La Fundació Tren de l’Art 

“Tan poc tren, tan poc destorb, tan poc trepitjador de paisatges”. Esta frase da sentido a la Fundació Tren de l’Art, una entidad encaminada a hacer que el tren sea un Iugar de encuentro estético, donde paisaje y arte se fundan en perfecta armonía.

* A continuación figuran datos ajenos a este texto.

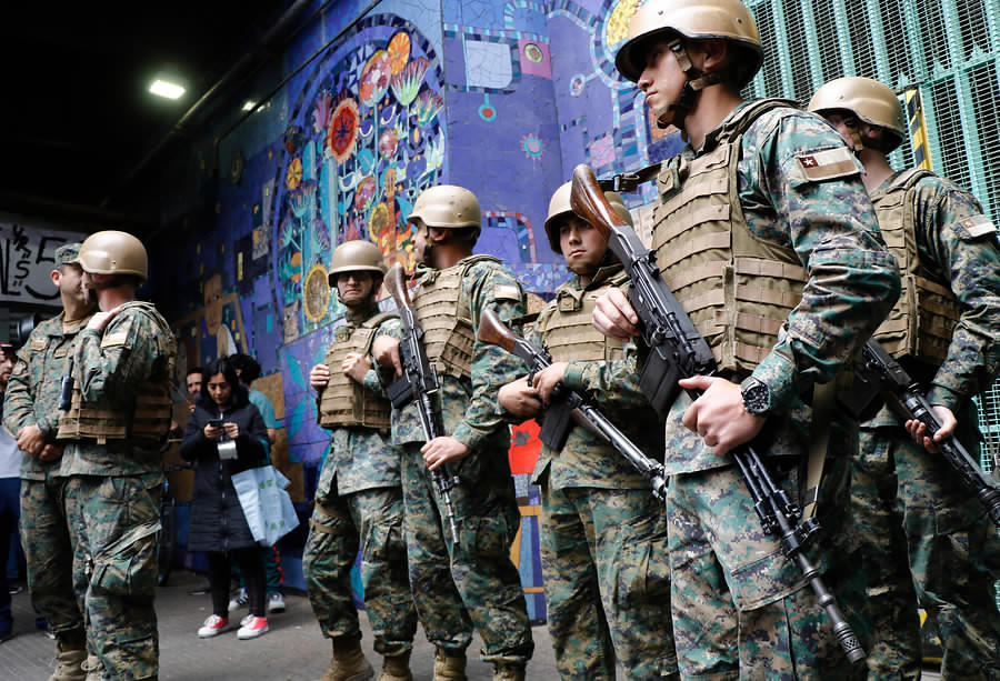 Personal del Ejército apareció durante la mañana de este sábado en diversos puntos de Santiago, esto en medio del Estado de Emergencia decretado por el Gobierno debido a las graves protestas del viernes por el alza del pasaje del Metro.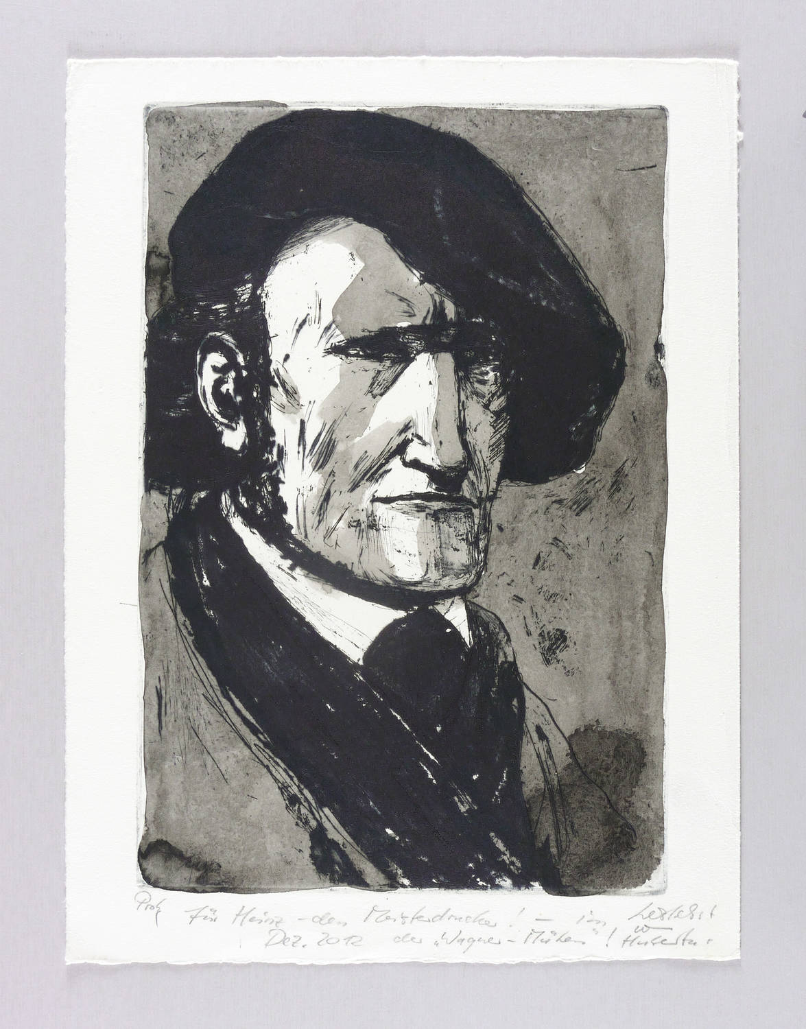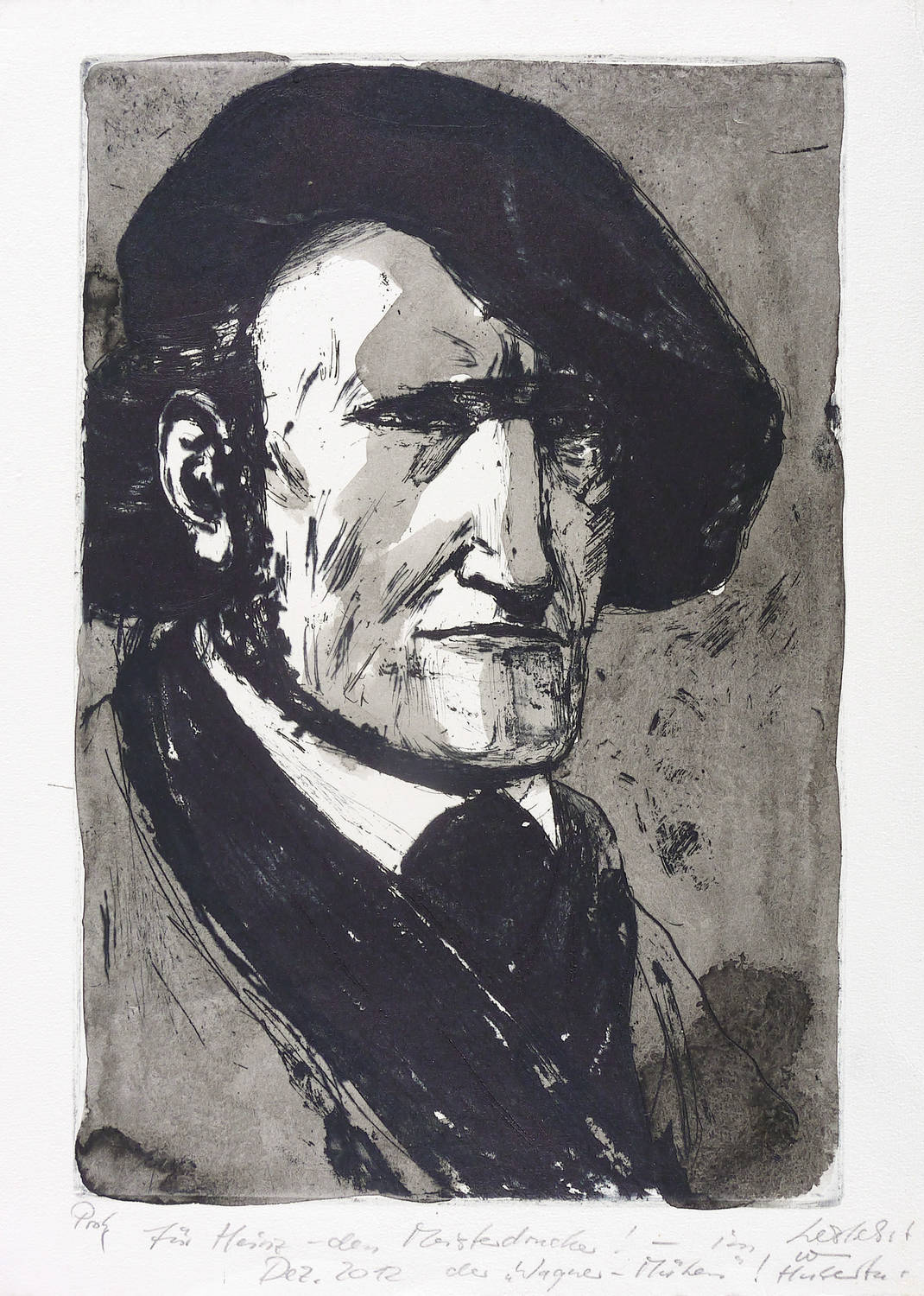 Links Auflagenbezeichnung: ″Probe″. Mittig bezeichnet: ″für Heinz - den Meisterdrucker! - im Dez. 2012 der 'Wagner-Mühen'! herzlichst von Hubertus″. – Provenienz: Sammlung Heinz Sparwart, Dresden. – Blattecken etwas bestoßen. Sonst guter Zustand.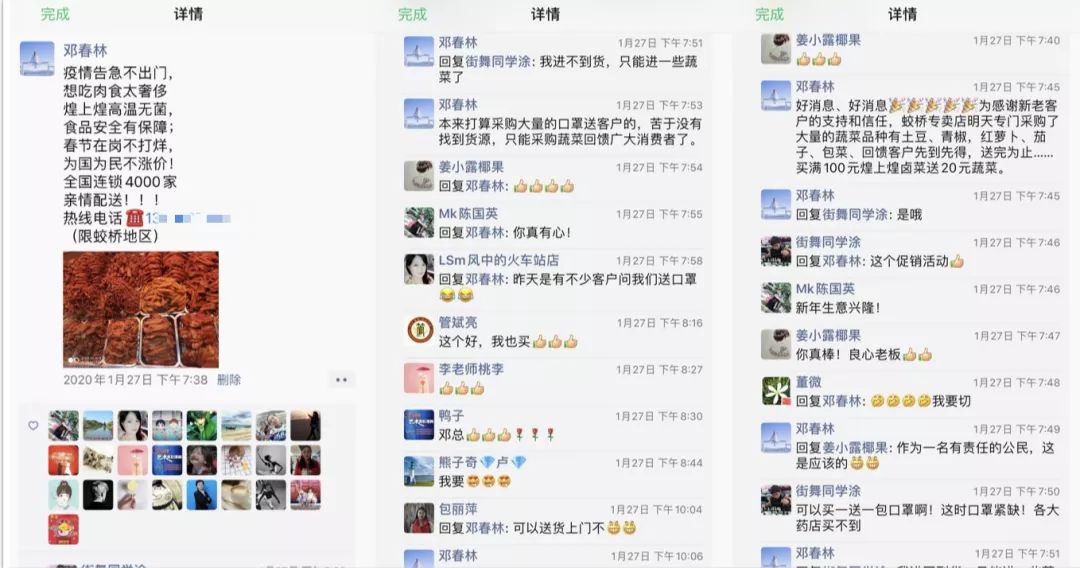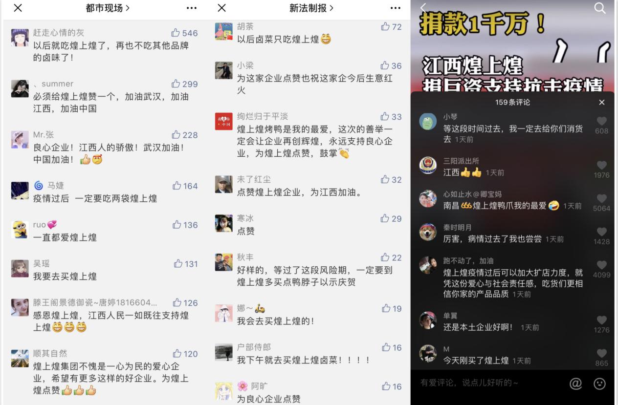 高温部何国华主动请战坚守,消毒杀菌、保障生产、打码贴标、准时发货,在疫情严重后,放弃与家人团聚,至今未休过一日;酱卤车间员工邹良主动承担各车间环境消毒工作,每日为各车间喷洒二氧化氯进行环境消毒,让每一位员工多了一份安心;动力部经理吴新亚从备战春节到疫情突发,为保障动力及设备的正常运转,他一直坚守岗位,已近5个月没有回去陪伴家人了……当街头的店面因疫情纷纷关闭时,煌上煌的大门依旧为消费者敞开;当这个城市渐入黑夜,煌上煌的灯光骤亮温暖人心。加盟商邓春林,走村串户采购水果蔬菜,让消费者在门店完成一站式购买,他在朋友圈写到:“疫情告急不出门,卤菜安全有保障,春节在岗不打烊,为国为民不涨价”,引来无数点赞;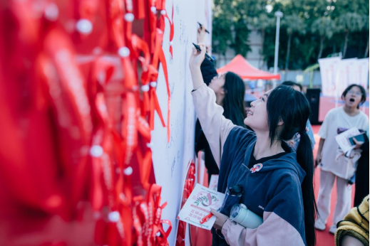 东南歌王许振旗,与嘉宾代表一起演唱“防艾”歌曲《防艾宣传大家唱》,把现场气氛推向高潮。 在体育馆外篮球场上,工作人员通过悬挂横幅、宣传展板、发放宣传资料、开展科普宣传、义诊咨询等活动,结合开展知识竞答等方式互动。同时线上采用了有奖知识竞答形式,广泛发动全体师生、社会人员共同参与有奖知识竞答,调动广大群众参与活动的积极性,提高宣传效果。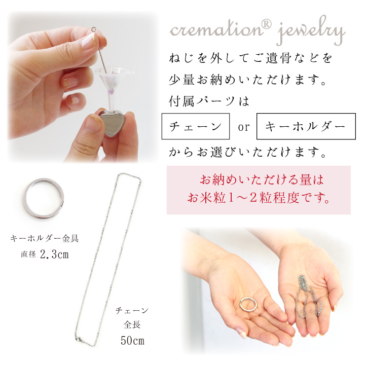 | キーホルダーかネックレスから選べる、故人を身近に感じる遺骨アクセサリー。 |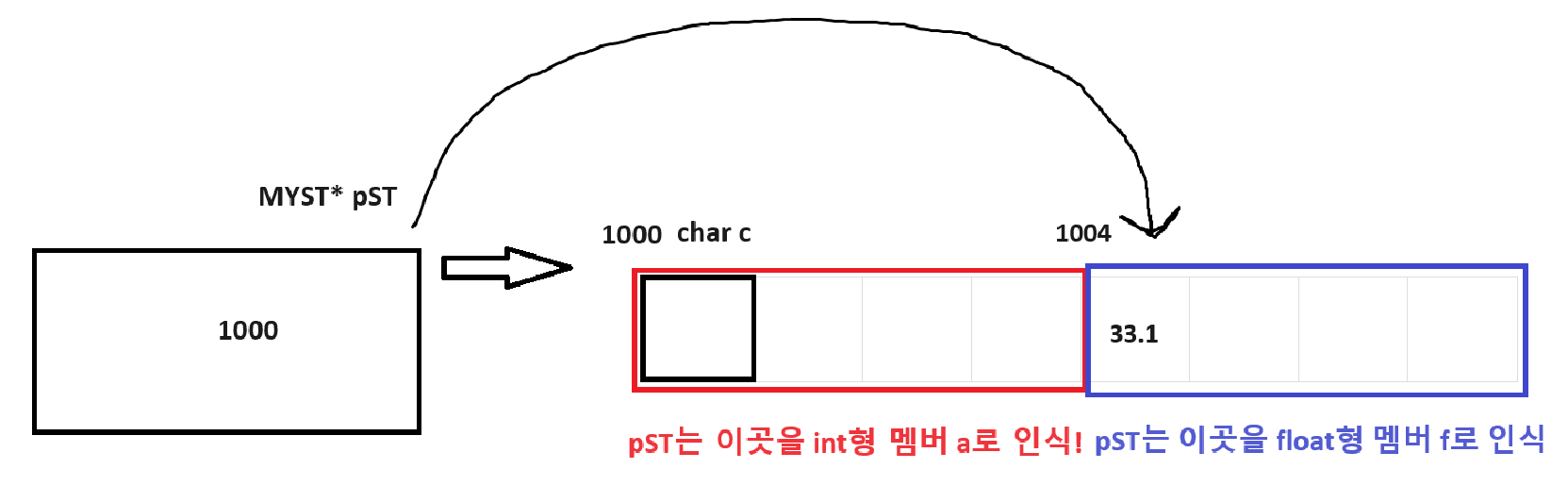 이유는 MYST라는 구조체(자료형)은 두 개의 4Byte 멤버(int와 float)를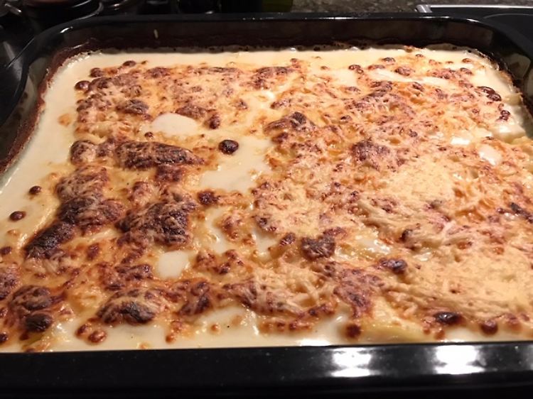 30 Minuten im Ofen bei hoher Hitze (220 Grad) überbacken.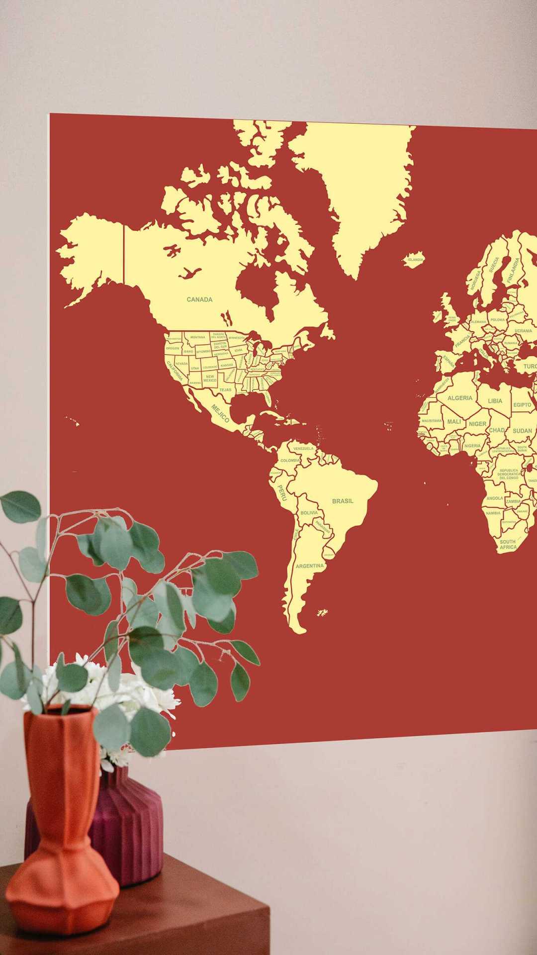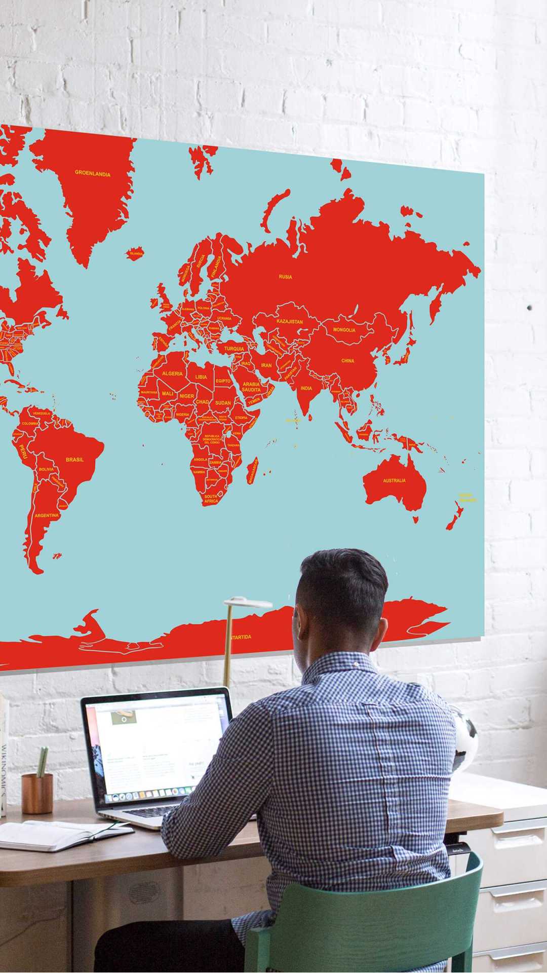 The only printed world map where you can choose the color of land, ocean and the names of the countries in spanish.
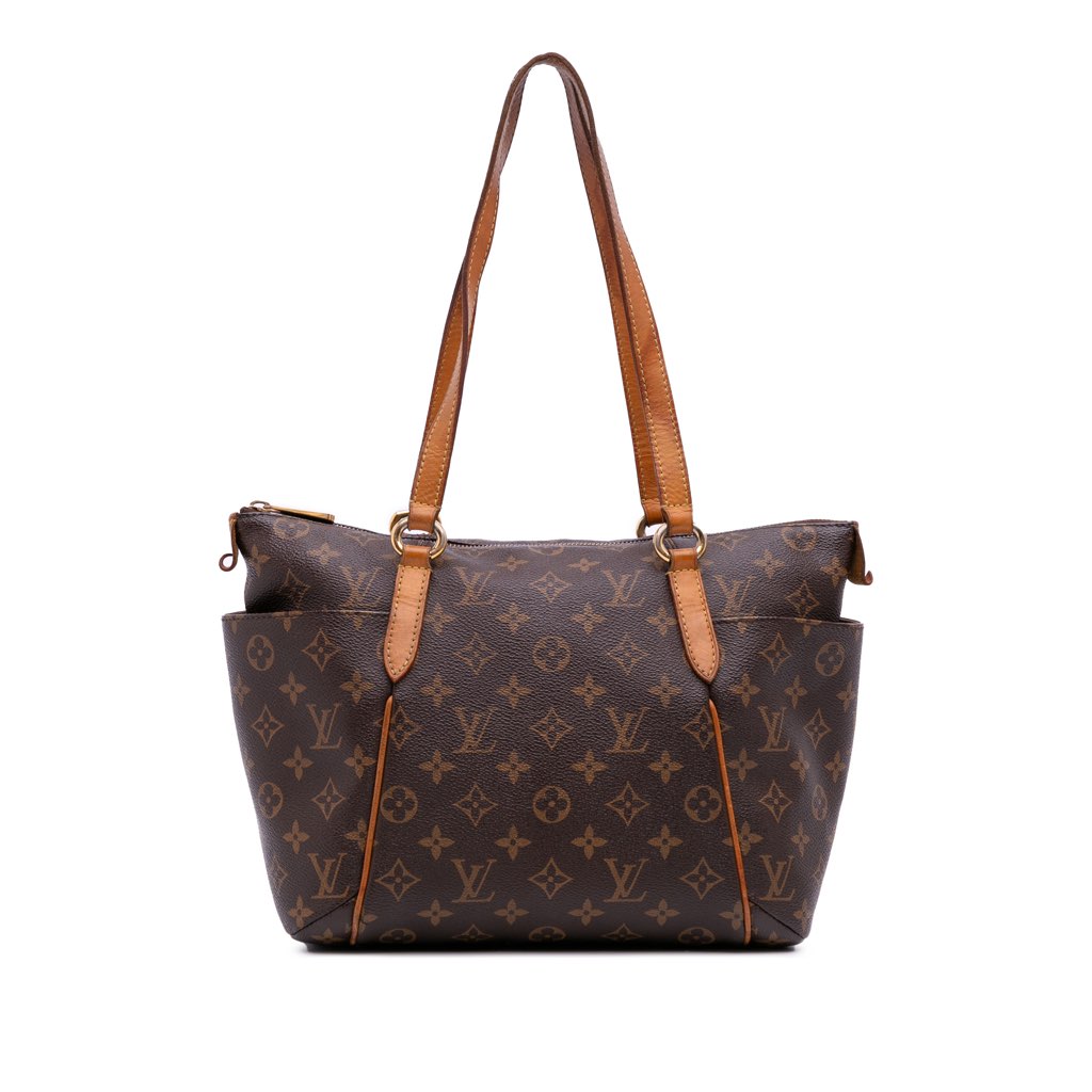 The Totally PM features a monogram canvas body with vachetta leather trim, flat vachetta leather shoulder straps, a top zip closure, exterior side slip pockets, and interior slip pockets.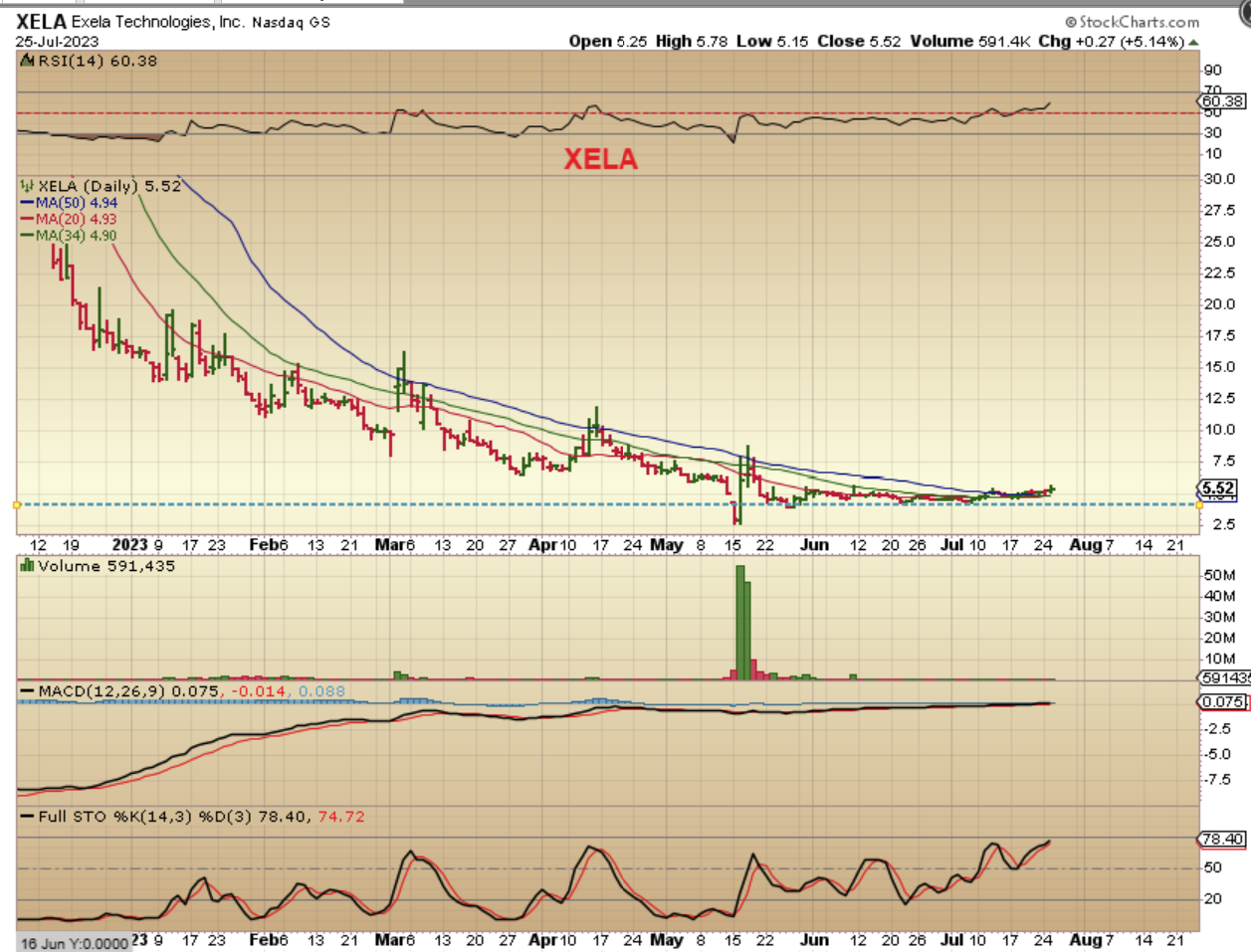 XELA had a reverse split, so the moves can be exaggerated, but let me point something out to you. In March it Popped and failed to hold above the blue 50sma. In April it Popped and failed to hold above the 50sma. In May it crashed after the split and then tried to get above the 50sma, but failed to hold. Right now it is $5.52 and the 50sma is at $4.94. The 20sma is at $4.93. The 34 sma is at $4.90. These set ups (if no bad news comes out) often start to trend higher. It can have BIG swings and be hard to hold, but it could make some nice gains over time too.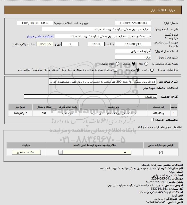 شرح کلی نیاز: اجرای دیوار سنگی به حجم 399 متر مکعب با احتساب پی و دیوار طبق مشخصات فنی.

Gracias al carácter cultural que Javier Mayol Muneló, presidente de la Junta General de Accionistas, quería clonar en el tren y con la colaboración entre Vicenç Sastre Cardell, consejero delegado del Ferrocarril, y Emilio Fernández Miró, nieto de Joan Miró, se fueron gestando una serie de ideas que debían ver la luz poco tiempo después. Asimismo, Vicenç Sastre y Javier Mayol creyeron oportuno involucrar en este proyecto al editor y promotor cultural Pere A. Serra, gran conocedor del arte contemporáneo.

De esta manera, se conforma un acuerdo entre los nietos de Joan Miró, Emilio Fernández Miró y Joan Punyet Miró como representantes de la Sucesión Miró: Pere A. Serra como Presidente de la Fundació d'Art Serra; y Javier Mayol y Vicenç Sastre como máximos representantes de la empresa Ferrocarril de Sóller.

El 3 de mayo de 2006, se firma ante notario la escritura de creación de la Fundació Tren de l’Art, y ocupa la presidencia Pere A. Serra Bauzá, que se comprometió a ceder parte de su colección de arte contemporáneo para que fuera expuesta en las instalaciones del Ferrocarril. Por su parte, la familia Miró cedió al Ferrocarril la luz azul de la obra Maja Negra (1973), para que fuera empleada como imagen corporativa de la Fundación.

De esta manera, se siembra la labor de la cultura contemporánea dentro del valle de Sóller, en un proceso que debía culminar en la creación de Can Prunera Museo Modernista.